Thank you Jim! Now I see 
Before I used iOS' Podcast App as that link was not playing on my Phone.


----------



## Victoria Bampton (Oct 15, 2015)

Thanks Gene.  Never fear, Adobe have heard exactly what I think of their actions in private, but I've also had time to calm down a bit.  For the minute it's just a waiting game.


----------



## tspear (Oct 15, 2015)

Victoria,

Any chance you can get Adobe to release some stats. Like number of negative versus positive comments on the changes in the release?

Tim


----------



## Replytoken (Oct 16, 2015)

Victoria Bampton said:


> Never fear, Adobe have heard exactly what I think of their actions in private, but I've also had time to calm down a bit.
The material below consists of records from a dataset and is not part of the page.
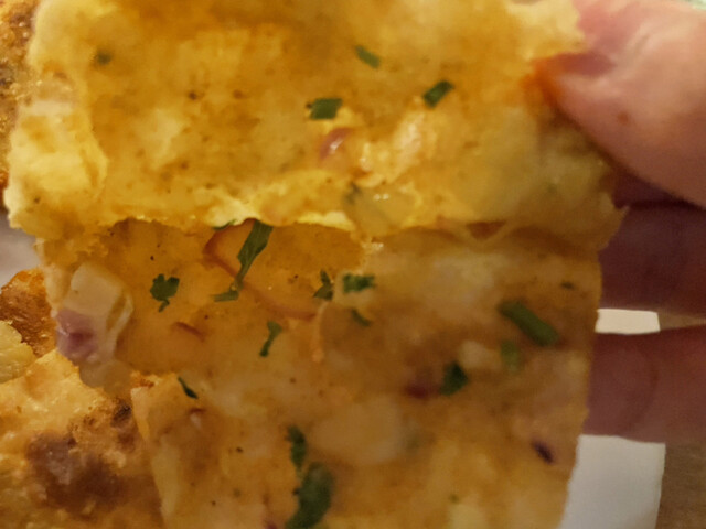 ・バーラ。ネワール族の伝統料理。豆をペースト状にして焼いたものだと思われる。パリッとしているが、中は少し粘り気がある。ほんのり苦味のあるビスケットみたい。
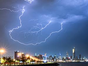 (250322) -- CIUDAD DE KUWAIT, 22 marzo, 2025 (Xinhua) -- Imagen del 22 de marzo de 2025 de relámpagos sobre el horizonte de la Ciudad de Kuwait, Kuwait. (Xinhua/Asad) (oa) (da)
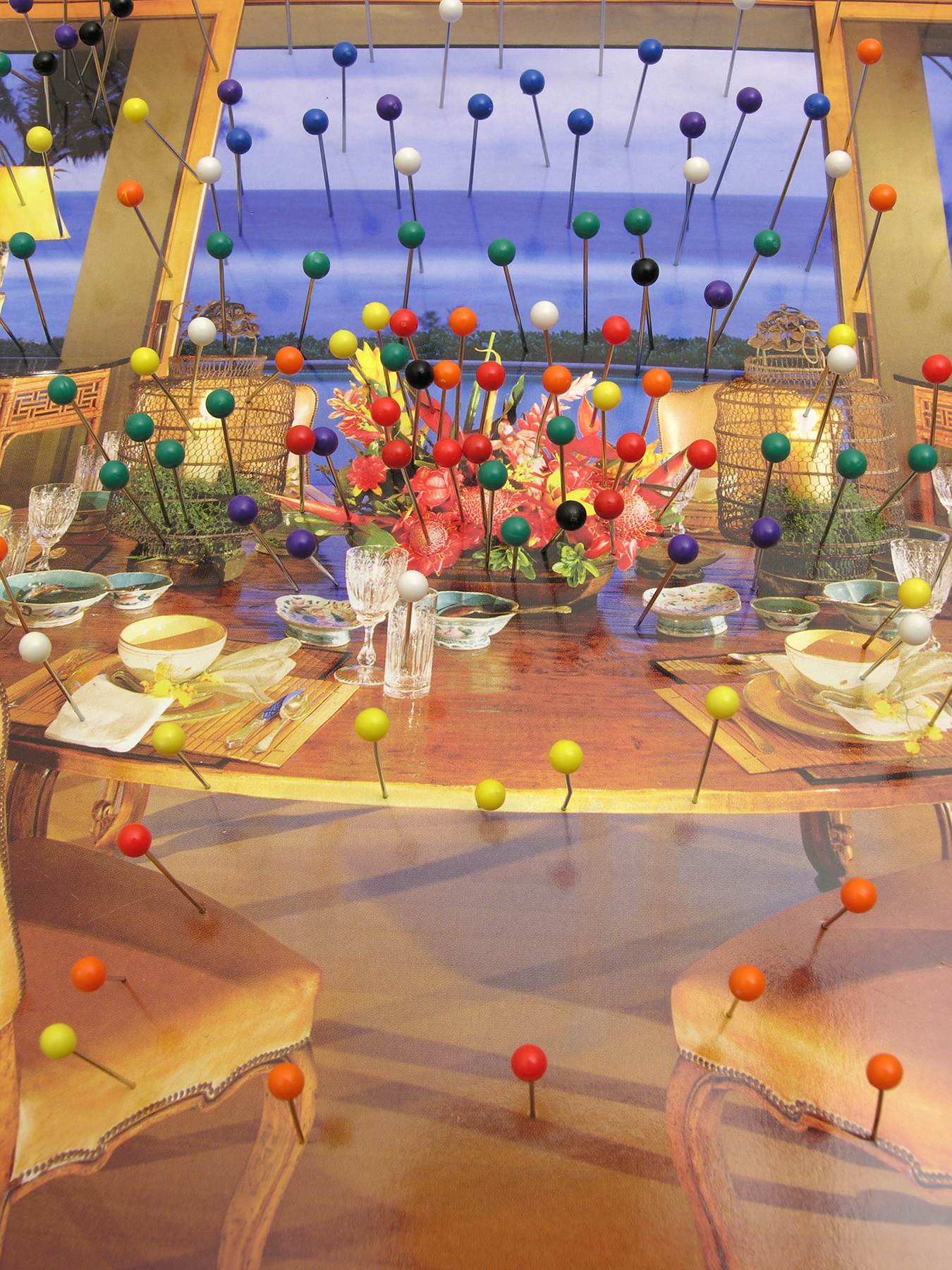 Cass says the pins “can suggest aerial views and maps, color coding, the human figure, vegetation, taxonomy and collecting, and naturally, pain.’’ He adds that the magazine imagery often evokes “a foreign world of luxury and ease that seems deeply strange to me.’’
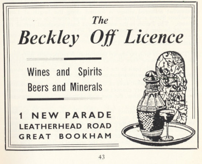 Parade, Leatherhead Road Kelly's 1950 Beckley Off Licence (Mrs. D. I. Wootten, proprietress) 1 New Parade, Leatherhead Road, Great Bookham LUDC 1965/67 The Beckley Off Licence Wines and Spirits Beers and Minerals |

Did you demand cake or death like Eddie Izzard? :disgusted:

http://youtu.be/rMMHUzm22oE (Warning - language may be considered offensive by some.)

--Ken


----------



## Jim Wilde (Oct 17, 2015)

I can't tell you how many times we've watched that over the years....still makes us lol.


----------



## Victoria Bampton (Oct 17, 2015)

LOL  never seen that before


----------



## Victoria Bampton (Oct 17, 2015)

tspear said:


> Any chance you can get Adobe to release some stats.



Unlikely. I have enough trouble getting my hands on stats!


----------



## davidedric (Oct 17, 2015)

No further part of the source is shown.